GOAL OF THE EXERCISE
Reproduce word for word the line holding "Mooie kerststickers voor" and all lines after it in the data, through the end, leaving out pictures.

DATASET SECTION
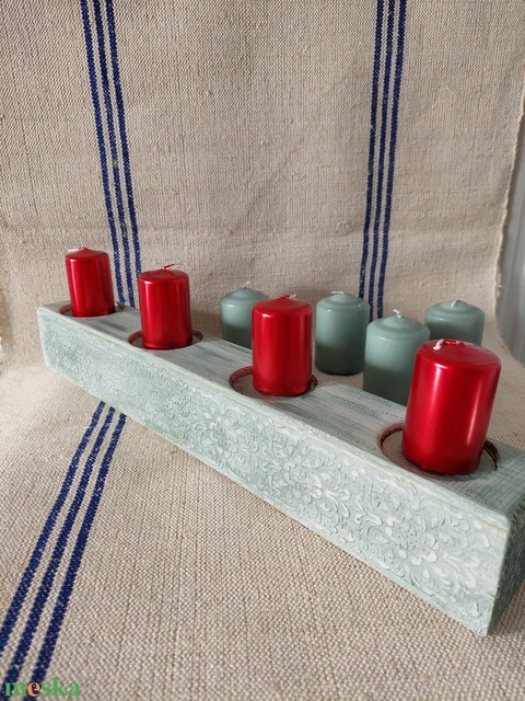 Fa adventi asztalközép asztaldísz gyertyatartó- vintage zöld
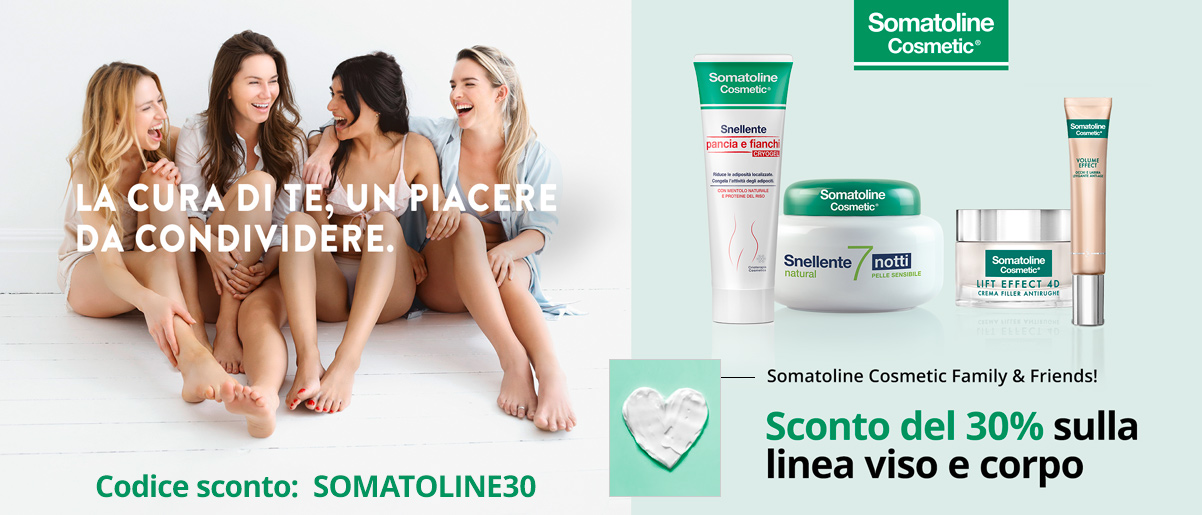 In questa sezione troverai i prodotti Somatoline Cosmetic viso e corpo in super promozione con uno sconto del 30%. Ti basta inserire nel carrello il codice sconto: SOMATOLINE30. Dai un'occhiata!
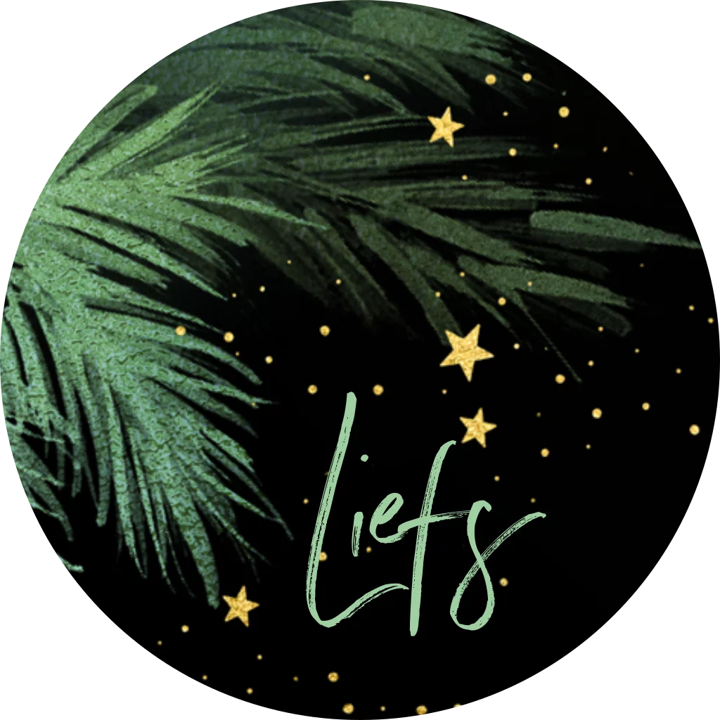 Mooie kerststickers voor op de enveloppen van je kerstkaarten. Met mooie groene kerstboom dennentakken en een zwarte sterrennacht met kleine gele sterretjes. Deze sticker kun je zelf personaliseren met een woord, naam of tekst. - De sticker heeft een diameter van 35 mm. - 25 stuks per vel
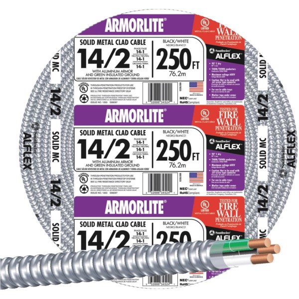 Southwire 250 Ft. 14/2 MC Armored Cable Electrical Wire

OUTPUT OF THE TASK
 Mooie kerststickers voor op de enveloppen van je kerstkaarten. Met mooie groene kerstboom dennentakken en een zwarte sterrennacht met kleine gele sterretjes. Deze sticker kun je zelf personaliseren met een woord, naam of tekst. - De sticker heeft een diameter van 35 mm. - 25 stuks per vel
 Southwire 250 Ft. 14/2 MC Armored Cable Electrical Wire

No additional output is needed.